URGENT test results may be delayed as a result of the changes to Ipswich Hospital's secretarial system, it emerged today.

URGENT test results may be delayed as a result of the changes to Ipswich Hospital's secretarial system, it emerged today.

As The Evening Star continues to demand answers from the hospital about the perceived chaos to services following re-grading of 95 medical secretaries, the hospital admitted some post containing urgent letters and patient's results may be delayed by two to three weeks because of build-ups in the volume of post.

After previously claiming no urgent mail was being delayed, the admission came as the hospital also revealed it was unable to tell the Star the numbers of letters waiting to be sent out. It said calculating the figure would involve too much work.

According to hospital whistleblowers, morale in the hospital has reached rock-bottom since the re-grading. GPs have reported, via a letter from Suffolk Primary Care Trust's chief executive Carole Taylor-Brown to hospital chief executive Andrew Reed, that they fear delayed mail may be putting patients at risk.

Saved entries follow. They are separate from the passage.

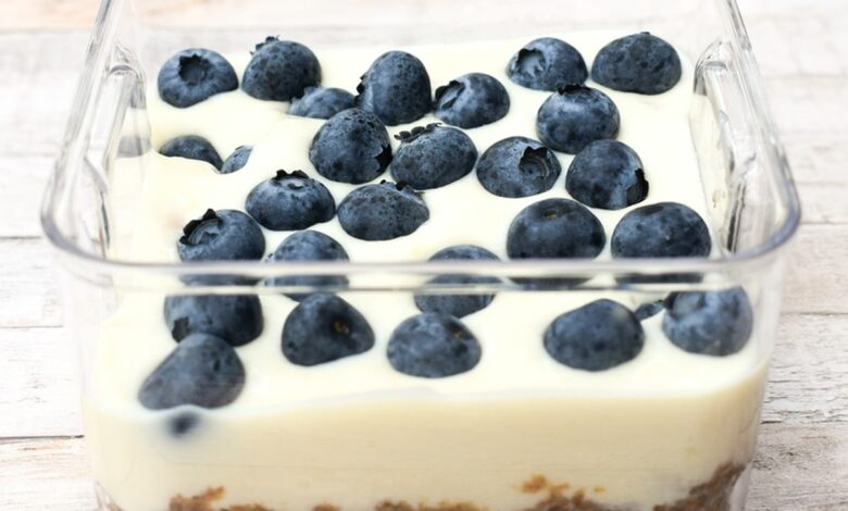 - In a separate bowl, mix the protein yogurt with blueberries.
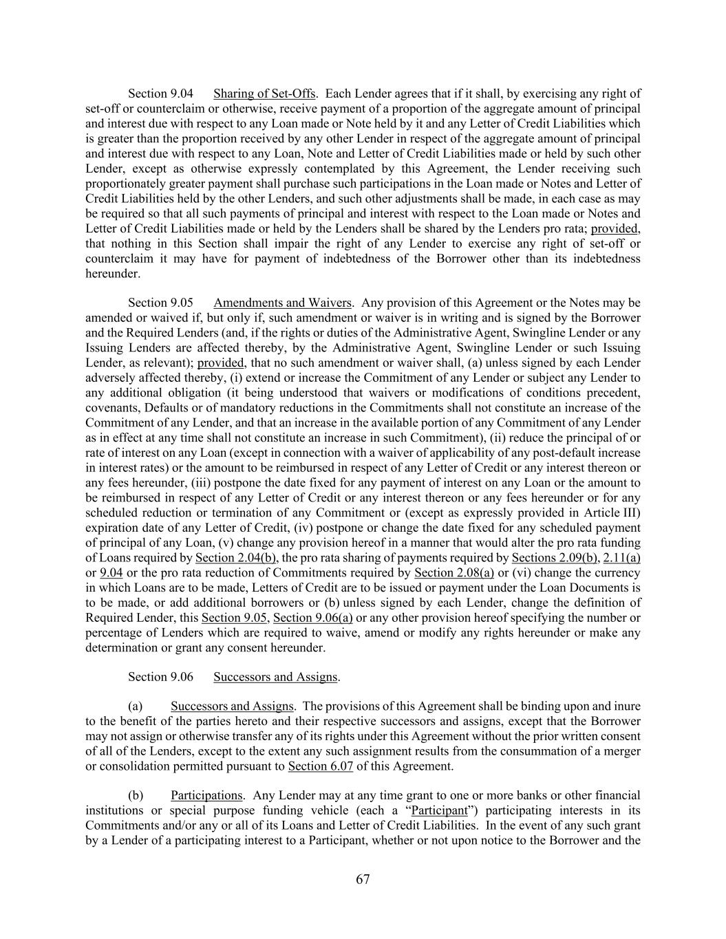 67 Section 9.04 Sharing of Set-Offs. Each Lender agrees that if it shall, by exercising any right of set-off or counterclaim or otherwise, receive payment of a proportion of the aggregate amount of principal and interest due with respect to any Loan made or Note held by it and any Letter of Credit Liabilities which is greater than the proportion received by any other Lender in respect of the aggregate amount of principal and interest due with respect to any Loan, Note and Letter of Credit Liabilities made or held by such other Lender, except as otherwise expressly contemplated by this Agreement, the Lender receiving such proportionately greater payment shall purchase such participations in the Loan made or Notes and Letter of Credit Liabilities held by the other Lenders, and such other adjustments shall be made, in each case as may be required so that all such payments of principal and interest with respect to the Loan made or Notes and Letter of Credit Liabilities made or held by the Lenders shall be shared by the Lenders pro rata; provided, that nothing in this Section shall impair the right of any Lender to exercise any right of set-off or counterclaim it may have for payment of indebtedness of the Borrower other than its indebtedness hereunder. Section 9.05 Amendments and Waivers. Any provision of this Agreement or the Notes may be amended or waived if, but only if, such amendment or waiver is in writing and is signed by the Borrower and the Required Lenders (and, if the rights or duties of the Administrative Agent, Swingline Lender or any Issuing Lenders are affected thereby, by the Administrative Agent, Swingline Lender or such Issuing Lender, as relevant); provided, that no such amendment or waiver shall, (a) unless signed by each Lender adversely affected thereby, (i) extend or increase the Commitment of any Lender or subject any Lender to any additional obligation (it being understood that waivers or modifications of conditions precedent, covenants, Defaults or of mandatory reductions in the Commitments shall not constitute an increase of the Commitment of any Lender, and that an increase in the available portion of any Commitment of any Lender as in effect at any time shall not constitute an increase in such Commitment), (ii) reduce the principal of or rate of interest on any Loan (except in connection with a waiver of applicability of any post-default increase in interest rates) or the amount to be reimbursed in respect of any Letter of Credit or any interest thereon or any fees hereunder, (iii) postpone the date fixed for any payment of interest on any Loan or the amount to be reimbursed in respect of any Letter of Credit or any interest thereon or any fees hereunder or for any scheduled reduction or termination of any Commitment or (except as expressly provided in Article III) expiration date of any Letter of Credit, (iv) postpone or change the date fixed for any scheduled payment of principal of any Loan, (v) change any provision hereof in a manner that would alter the pro rata funding of Loans required by Section 2.04(b), the pro rata sharing of payments required by Sections 2.09(b), 2.11(a) or 9.04 or the pro rata reduction of Commitments required by Section 2.08(a) or (vi) change the currency in which Loans are to be made, Letters of Credit are to be issued or payment under the Loan Documents is to be made, or add additional borrowers or (b) unless signed by each Lender, change the definition of Required Lender, this Section 9.05, Section 9.06(a) or any other provision hereof specifying the number or percentage of Lenders which are required to waive, amend or modify any rights hereunder or make any determination or grant any consent hereunder. Section 9.06 Successors and Assigns. (a) Successors and Assigns. The provisions of this Agreement shall be binding upon and inure to the benefit of the parties hereto and their respective successors and assigns, except that the Borrower may not assign or otherwise transfer any of its rights under this Agreement without the prior written consent of all of the Lenders, except to the extent any such assignment results from the consummation of a merger or consolidation permitted pursuant to Section 6.07 of this Agreement. (b) Participations. Any Lender may at any time grant to one or more banks or other financial institutions or special purpose funding vehicle (each a “Participant”) participating interests in its Commitments and/or any or all of its Loans and Letter of Credit Liabilities. In the event of any such grant by a Lender of a participating interest to a Participant, whether or not upon notice to the Borrower and the
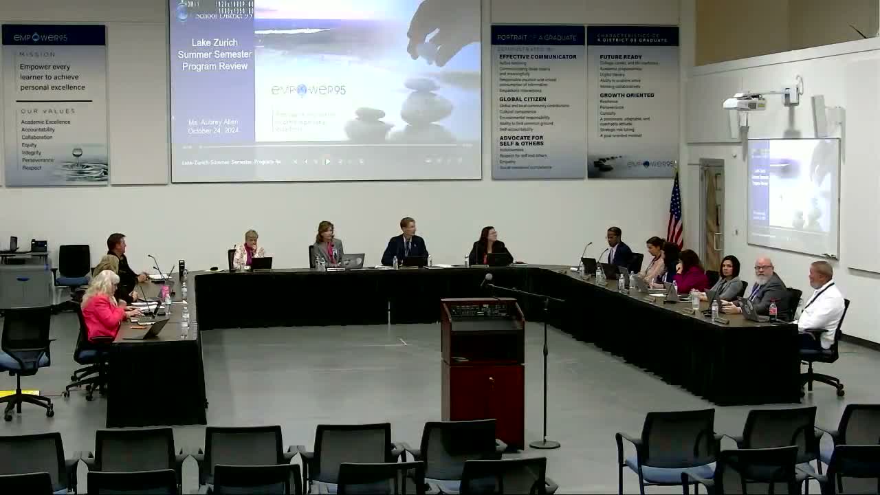 The Lake Zurich Community Unit School District 95 Board of Education spent a large portion of its Oct. 24 meeting debating how to address a near-$394,000 net expense for the district’s 2024 summer semester and whether to continue district‑provided transportation for K–8 programs.
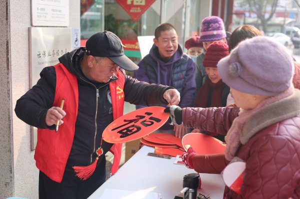 活动现场,不少市民排队等候,网点门口洋溢着热闹温馨的节日气氛。此次送“福”活动共送出80余副,通过笔墨传递温情,将新春祝福融入传统书法艺术,为前来办理业务的客户及周边市民送去节日问候。活动不仅营造了喜庆祥和的春节氛围,同时也展现了绍兴邮政网点服务的温度,进一步拉近了邮政与社区居民的情感距离。

Previously Jan Rowsell, spokeswoman for the hospital's management, said there were no delays involving urgent results. She said: “Our staff are very professional and they work on a priority system and they wouldn't dream of leaving something that was urgent.”

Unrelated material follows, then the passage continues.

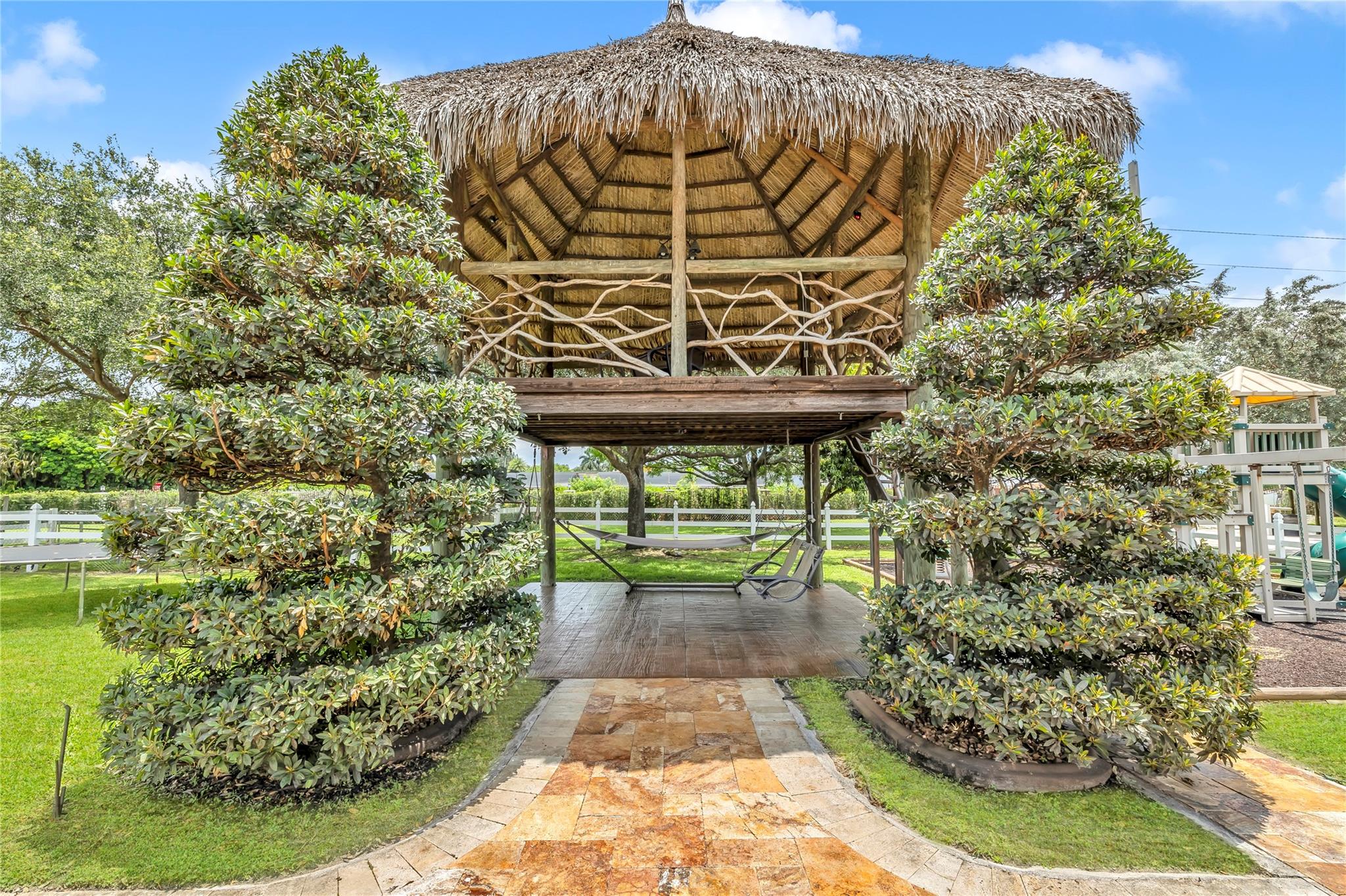 Welcome to this ultra-luxury estate in prestigious Southwest Ranches For Rent or For Sale, set on 2.03 meticulously maintained acres. Fully renovated, this exceptional property is a true masterpiece. The estate includes 8 horse stables & a separate 4,000 sqft garage featuring a private upstairs office with A/C, ideal for conversion into a guest house and another 1,000 sqft garage/storage area. The main residence spans 4,000 sq ft under air and showcases 5 bedrooms, 4 bathrooms, impact windows, a redesigned private gated driveway, and a laundry/utility/mudroom for added functionality. Step outside to your private resort-style oasis, complete with a large pool, Brazilian teak wood ceilings, a summer kitchen, a pool house, and a stunning two story tiki hut with electric and lighting.

But today she backtracked and said she had been talking about the ongoing “back-log”, which stretched back for around three months, rather than the “build-up” which had developed as a result of the job changes.

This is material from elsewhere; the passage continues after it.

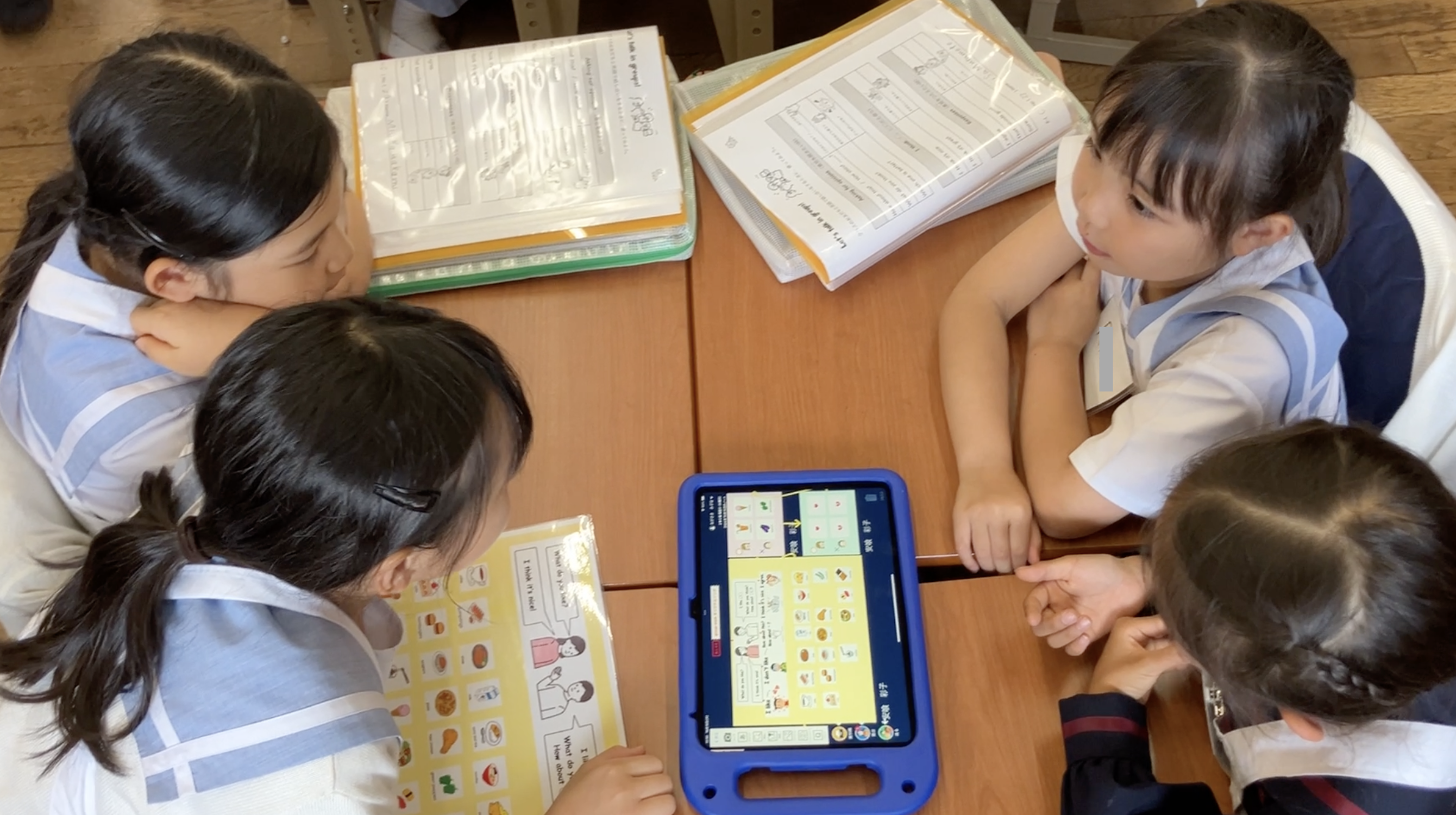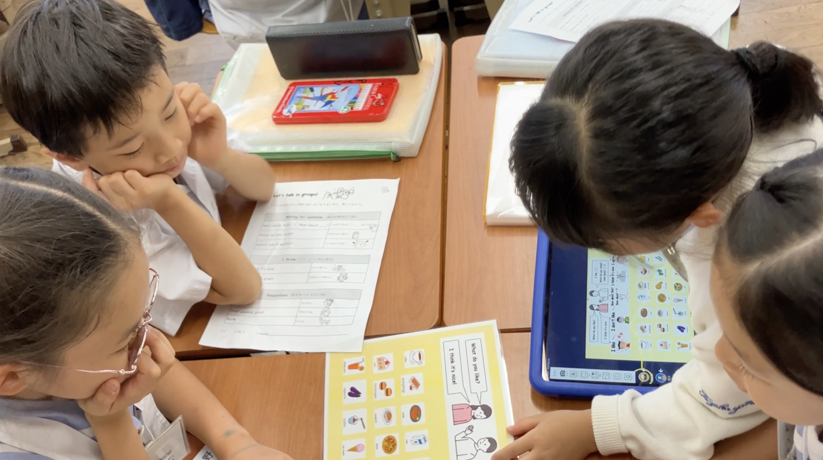 帝塚山学院小学校では恊働学習を進めており、今回2年生では初めて「英語で意見を出しあう」ということを目標としてグループでオリジナルのI like songを作る活動を行いました。

She said: “People are working night and day to make sure there is nothing in the build-up which is urgent. The build-up is from the end of April when the new system was introduced.

“The backlog is important but essentially routine correspondence, but all pieces of information are important.”

She said the hospital hoped to be able to clear both the build-up and back-log within the next two to three weeks.

But she was unable to say how many letters were involved in the delays because “each (hospital) directorate and each section of the directorate has their own figures” and it would take too long too”.

She said she believed the number only amounted to a small percentage of the overall number of letters.